Hypertension and angiotensin II hypersensitivity in aminopeptidase A-deficient mice

Abstract

Local concentrations of the vasopressor peptide, angiotensin II (AngII), depend upon the balance between synthesis and degradation. Previous studies of blood pressure (BP) regulation have focused primarily on the generation of AngII and its receptors, and less attention has been devoted to angiotensin degradation. Aminopeptidase A (APA, EC 3.4.11.7) is responsible for the N-terminal cleavage of AngII, a hydrolytic event that serves as a rate-limiting step in angiotensin degradation. To evaluate the physiological role of APA, we examined BP homeostasis in APA-deficient mice. We measured basal BP and BP with continuous infusion of AngII in APA mutant mice by tail-cuff method. We also evaluated the development and histology of AngII-targeted organs as well as urine excretion in these mice. Homozygous APA mutant mice were found to have elevated basal systolic BP when compared with heterozygous mutant and wild-type littermate mice. Infusion of AngII led to an enhanced systolic BP response in the APA-deficient mice. Despite the sustained elevation of BP in APA knockout mice, neither their renal and cardiac sizes nor their histological appearances were not different from control mice. Moreover, the volume, osmolality, and electrolyte content of the urine were normal in APA-deficient mice. APA deficiency increased baseline BP and enhanced the hypertensive response to increased levels of AngII. These findings indicate a physiological role for APA in lowering BP and offer novel insight into the mechanisms for developing hypertension.

Figure 1

Analysis of the effects of APA deficiency on basal blood pressure level. The systolic (A) and mean (B) blood pressure of APA^−/−, APA^+/−, and APA^+/+ mice at 3 mo (n = 9 to 15 per group) were determined by a computed tail-cuff system.

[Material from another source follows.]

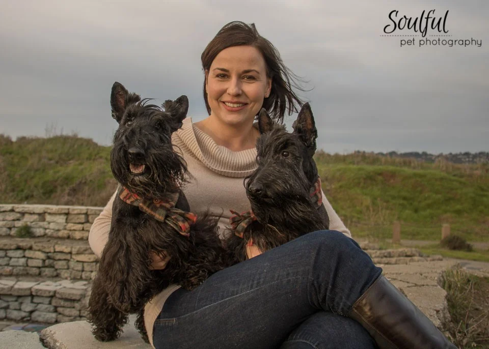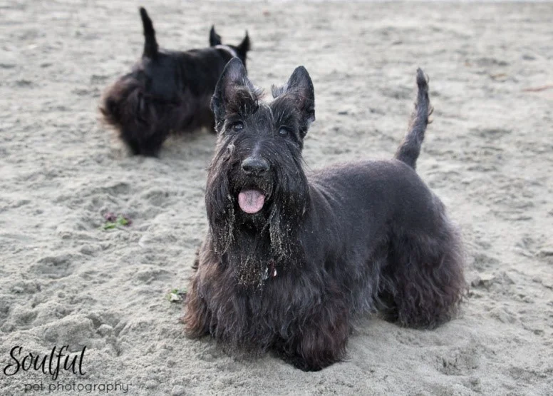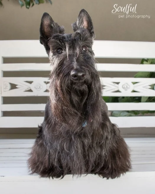 Muddy and Tuesday are the names of two adorable black Scottish Terriers that did a photo session with me. Since their mom wanted outdoor photos we had to reschedule a few times because of rain, but finally we got a beautiful clear day. The girls were freshly groomed and looking spiffy so first we got some portraits of them on their front porch.

Each datum point represents the mean of 2-d measurements taken after a 4-d training period. The average ± SEM for each group is represented by an open circle and a bar. *P < 0.05.

Figure 2

Effects of chronic angiotensin II infusion on systolic blood pressure. A: Daily changes in systolic blood pressure (SBP) in saline infusion (SAL)/APA^−/− (□), SAL/APA^+/+ (▪), angiotensin II infusion (ANG II)/APA^−/− (○) and ANG II/APA^+/+ (•) mice. The implantation of osmotic minipumps was done on day 0. B: The increase of SBP (ΔSBP) from baseline on day 0 to the levels on day 2 in APA^−/− and APA^+/+ mice. Values are mean ±SEM. *P < 0.05 compared with APA^+/+ mice; #P < 0.01 compared with SAL-infused mice.

Figure 3

Age-related changes of systolic blood pressure. The systolic blood pressure was measured in APA^−/− (○) and APA^+/+ (•) mice ranging from 8- to 60-wk. Values are mean ±SEM. *P < 0.05 compared with APA^+/+ mice.